5.2 Final Remarks
The service described in this paper offers an
innovative environment that allows users “immerse”
in Web 2.0 interaction paradigms and exploit its
enormous potential to collaborate through
reviewing, commenting on and extending the shared
content. The Dicode environment enables
stakeholders maintain chains of views and opinions,
accompanied by the supporting data, which may
reflect, at any time, the current collective knowledge
on the issue under consideration, and justify a
particular decision made or action taken.
The proposed service may fully cover the needs
of the three stages of situational awareness needed in
the above settings (Haendel et al., 2012; Kahn,
2011), namely perception (i.e. perceive the status,
attributes, and dynamics of relevant elements in the
setting under consideration), comprehension (i.e.
perform a synthesis of disjointed elements of the
previous stage through the processes of pattern
recognition, interpretation, and evaluation), and
projection (i.e. extrapolate information from
previous stages to find out how it will affect future
instances of the operational setting) (Endsley, 1995).
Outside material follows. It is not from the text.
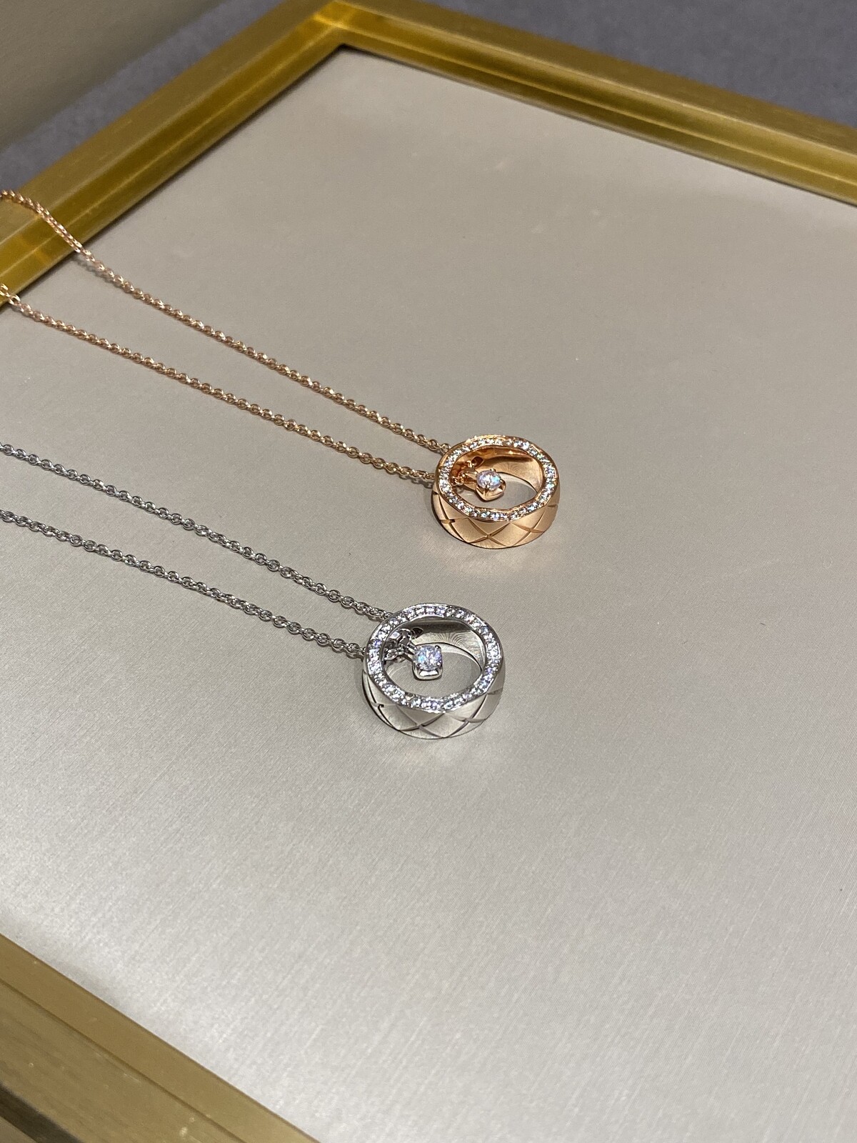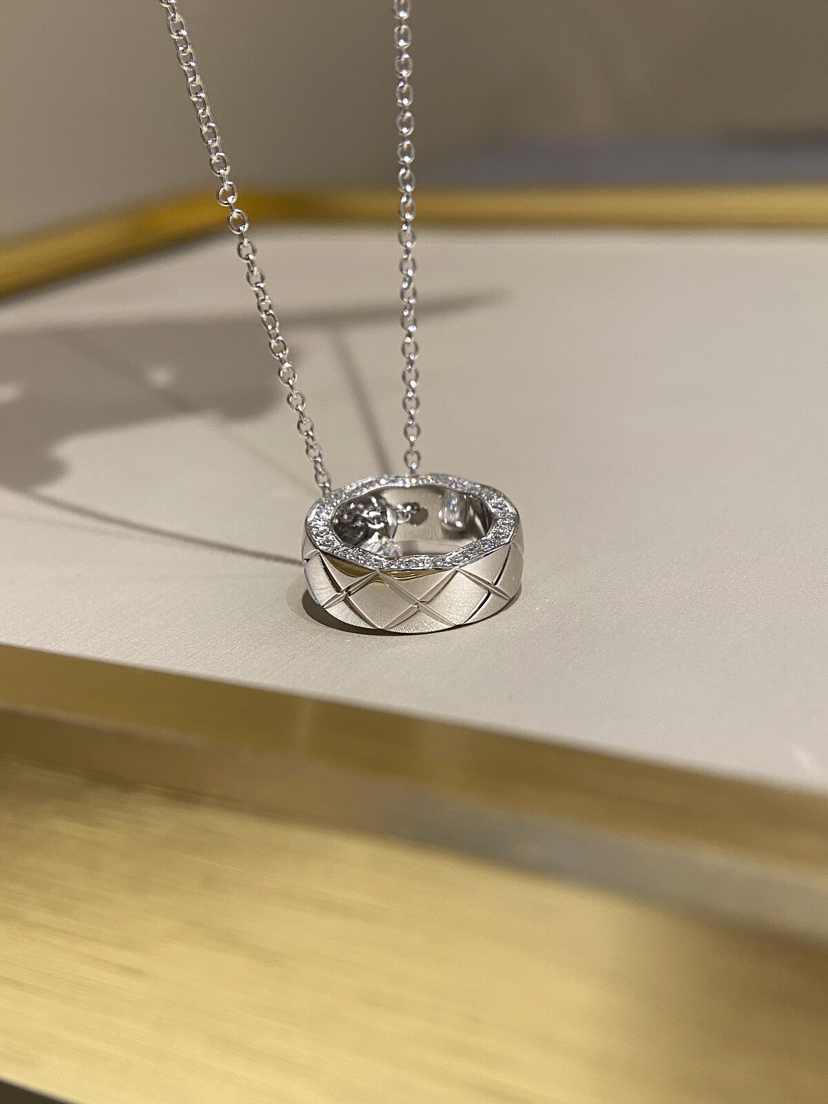 Diamond-Shaped Circle Ring Necklace 925 Sterling Silver Chain Cnc Version Light Luxury High-End Chanel Style Couple Model

Moreover, the development of the proposed service
has adopted an agile, analytic and adaptive approach
that enables stakeholders to fully leverage and reap
the benefits of the associated biomedical “big data”.
Such an approach can improve the quality and
effectiveness of decisions in the context under
consideration.
The service described in this paper has been
integrated in the Dicode workbench environment (de
la Calle et al., 2012), which is a web-based
application that integrates - at the level of the user
interface - various data mining and collaboration
support services. The objective is to provide users
with a uniform and easy access to the available
Dicode services. The type and number of services
appearing on the Dicode workbench can be easily
configured by end users according to the needs of
the particular context and problem under
consideration. In such a way, current work practices
have been admittedly improved in terms of
efficiency and effectiveness. The issue of
information fragmentation as well as that of data and
decision provenance are properly addressed.
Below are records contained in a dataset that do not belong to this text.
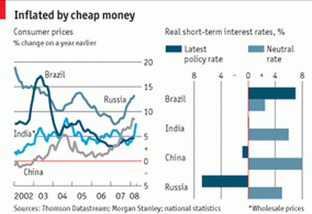 Если развивающиеся экономики отделяются от Америки, монетарные политики тоже должны получить свободуУгроза финансового кризиса и экономической рецессии лишила сна многих политиков от Лондона до Вашингтона. Однако в Пекине, Москве и других столицах развивающегося мира главной печалью остается растущая инфляция. Так, в Поднебесной темпы роста инфляции в этом году подскочили до 8.3%, что на 2.2% выше, чем в начале 2007 года. В России годовая инфляция составляет 13.3% (см. график слева). Согласно прогнозам HSBC, средний уровень инфляции в развивающихся экономиках в этом году составит 6.6% - это самое высокое значение за последние десять лет. Одна из возможных причин кроется в резком удорожании продуктов питания и энергоносителей. В развивающемся мире на покупку продуктов питания уходит большая часть доходов, чем в развитых странах, именно поэтому рост цен на зерновые и мясо сильнее влияет на уровень инфляции в этих странах. Но это лишь часть проблемы: чистая инфляция также ползет вверх, а в этом уже следует винить чрезмерно ослабленную монетарную политику. Американская экономика находится в упадке, а развивающиеся страны, между тем, чувствуют себя очень неплохо. Согласно прогнозам HSBC, средние темпы роста ВВП в развивающихся странах составят 6.5%, что в четыре раза выше среднего показателя по развитым странам. Не исключено, что экономикам удалось вырваться из американской зависимости, а вот монетарным политикам - нет, в этом и заключается главная проблема. Конечно, устойчивость развивающихся экономик, на данный момент, это залог стабильности мировой экономики, вот только зависимость их монетарной политики от развитого мира сильно осложняет дело.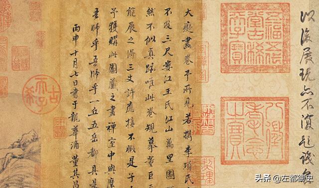 乾隆对《富春山居图》的喜爱到了痴迷的程度,他在上面盖了无数的印章。我们知道,乾隆还有个外号叫“盖章皇帝”,凡是他喜欢的书画作品,都要盖上几方印章,不过对于后世来说,这也是好事,因为有了乾隆印章的加持,作品也就越显得珍贵。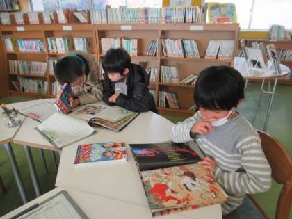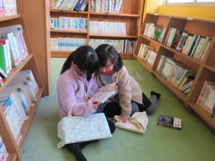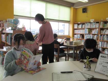 本が大好きな1年生。今日も図書室に本を読みに来ました。司書の先生から紹介してもらったシリーズ本に挑戦している子もたくさんいました。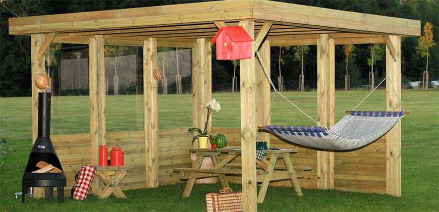 Место для отдыха под открытым небом – обязательное условие комфортного времяпрепровождения на даче или в садовом участке. Здесь все будет зависеть от желаний и предпочтений хозяев. Вариантов может масса: беседки с удобной мебелью, широкие качели (отличная идея – поставить навесную конструкция в тени под деревьями), гамаки или же просто площадка с комфортными стульями и столом.

Moreover, by providing users with useful hints, our
approach enables stakeholders figuring out how to
carry out their daily tasks in a more effective way.
Finally, the proposed service enables stakeholders to
follow and adopt innovative work methodologies,
which build on the synergy of human and machine
reasoning.
Future work directions include investigation of
additional services for data-intensive computing
(e.g. services already developed in projects such as
ADMIRE - http://www.admire-project.eu),
considering whether they can be integrated in the
Dicode environment. Also, a thorough investigation
of the Dataspace concept and the related data
management abstraction (Halevy et al., 2006),
considering its suitability to the purposes of our
approach.
ACKNOWLEDGEMENTS
This publication has been produced in the context of
the EU Collaborative Project “DICODE - Mastering
Data-Intensive Collaboration and Decision”, which
is co-funded by the European Commission under the
contract FP7-ICT-257184. This publication reflects
only the authors’ views and the Community is not
liable for any use that may be made of the
information contained therein.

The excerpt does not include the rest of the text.